Regression is a very important part of statistics: I probably do more regressions that any other type of analysis, apart from than calculating basic summary data such as medians, means and proportions. So, I’ve given you lots of possibilities here. I’ve coded them: you really should try to do the bold ones, do those in italics if you can, and if you get to the rest, well, the more the merrier. The reason I have included all this is so I can go over it in class.

  • lesson5a: These are data from marathon runners (again). Which of the following is associated with how fast runners complete the marathon: age, sex, training miles, weight?

  • lesson5b: These are data on patients with a disease that predisposes them to cancer. The disease causes precancerous lesions that can be surgically removed. A group of recently removed lesions are analyzed for a specific mutation. Does how long a patient has had the disease affect the chance that a new lesion will have a mutation?

  • lesson5c: These are data from Canadian provinces giving population, unemployment rates and male and female life expectancy. Which of these variables are associated?

  • lesson5d: These are data from mice inoculated with tumor cells and then treated with different doses of a drug. The growth rate of each animal’s tumor is then calculated. Is this drug effective?

  • lesson5e: These are data from a study of the use of complementary medicine (e.g. massage) by UK breast cancer patients. There are data for the women’s age, time since diagnosis, presence of distant metastases, use of complementary medicine before diagnosis, whether they received a qualification after high school, the age they left education, whether usual employment is a manual trade, socioeconomic status. What predicts use of complementary medicine by women with breast cancer?

  • lesson5f: These are the distance records for Frisbee for various ages in males. What is the relationship between age and how far a man can throw a Frisbee?

  • lesson5g: You’ve seen this dataset before. Patients with lung cancer are randomized to receive either chemotherapy regime a or b and assessed for tumor response. We know there is no statistically significant difference between regimens (you can test this if you like). However, do the treatments work differently depending on sex? Do they work differently by age?

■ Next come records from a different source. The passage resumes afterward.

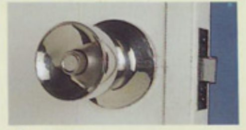
ลูกบิดอย่างดีติดตั้งไว้พร้อมสรรพ สะดวกในการเปิด-ปิด
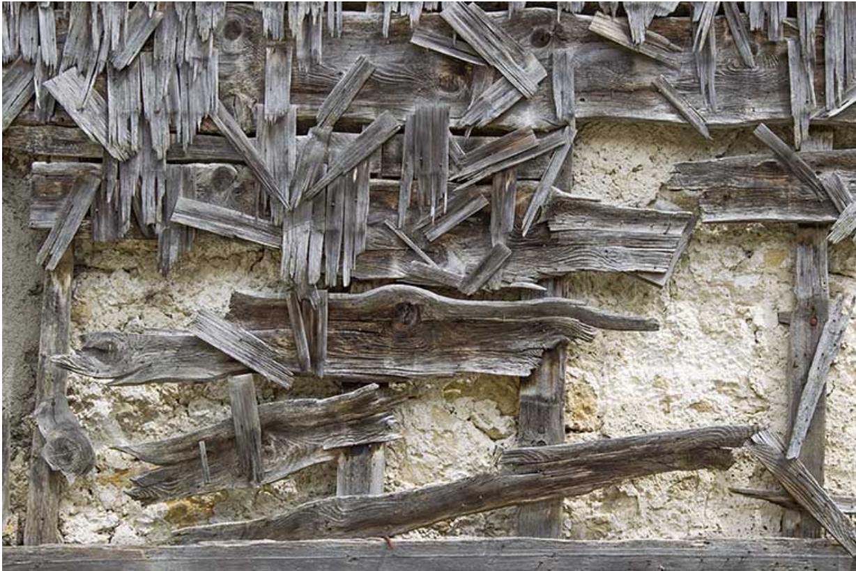
Façade postérieure : vestiges de l'essentage de tavillons.
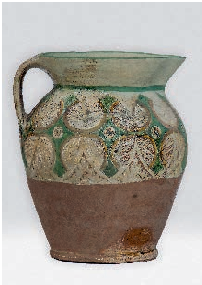
Сл. 98. Бокал из манастира Градац

Укупним особинама, а пре свега избором мотива и колорним спектрима, српска трпезна керамика одражава византијску естетику, византијски занатски и
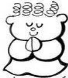
Los de espíritu de pobre
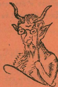
Διαδόχου έκλογή, που ντουνιάς θ' έκπλαγή.

Μ. — Έν όνόματι και λόγω Βελζεβούλ καταχθονίου, του κυρίου και προστάτου του παρόντος Ζιζανίου, και της φάρας της έν "Αδη της έν πίσσα κοχλαζούσπης, της τò κράτος του "Ρωμής"ε κατ' αυτάς προστατευούσπης, και των τόσων κερασφόρων της κολάστως άγγέλων, των τεχνάσμασιν μυρίοις ένοχλούντων τόν Τσιγκέλον, και του όφους εκείνου που με τόη σγαριλιχ, εκατάφερε τήν Εύα ν' άνεβή και στη μηλιά για να βλιάζη άφ' τούς πόνοους τή στιγμή που θα γεννά' και παντός του παλατίου του άράπη Σατανά, προκλαμάρω και κηρίσω στενωρεία τή φωνή, πώς ή έδρα ή καινή τ' άλησμόνητου εκείνου που στο Δράπανο φυλάζει. έφυλάσσετε μονάχα για τò Γιάννη που στελιάζει.
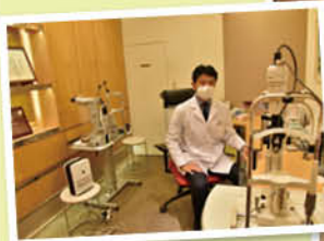
最新鋭の設備と知識のアップデートがあるからこそ、確かな診療につなげることができる。
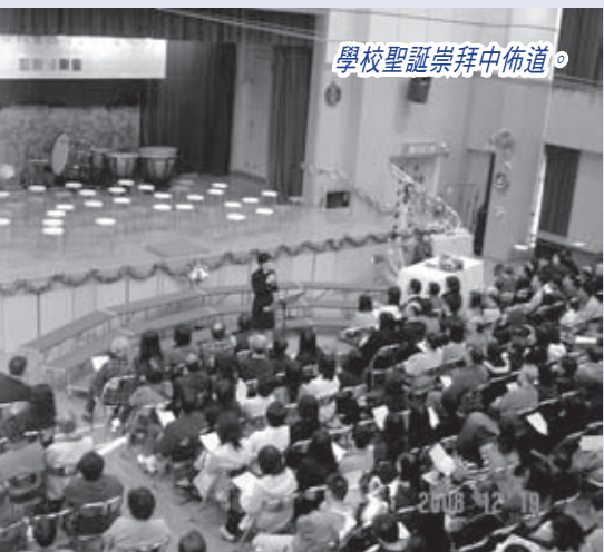
學校聖誕崇拜中佈道。

最近全城都非常關注傷後久休復出的劉翔，他在上海國際田徑黃金大獎賽中以十三秒一五的成績，奪得男子110米跨欄亞軍。其實這成績，離他三年前在瑞士創下的十二秒八八最佳成績，尚有一段距離；而由他所保持的世界記錄，自去年五月他因傷患停賽後，亦已被古巴運動員打破。

  • lesson5h: PSA is used to screen for prostate cancer. In this dataset, the researchers are looking at various forms of PSA (e.g. “nicked” PSA). What variables should be used to try to predict cancer? How accurate would this test be? (NOTE: these data were taken from a real dataset, but I played around with them a bit, so please don’t draw any conclusions about PSA testing from this assignment).

  • lesson5i: This is a randomized trial of behavioral therapy in cancer patients with depressed mood (note that higher score means better mood). Patients are randomized to no treatment (group 1), informal contact with a volunteer (group 2) or behavior therapy with a trained therapist (group 3). What would you conclude about the effectiveness of these treatments?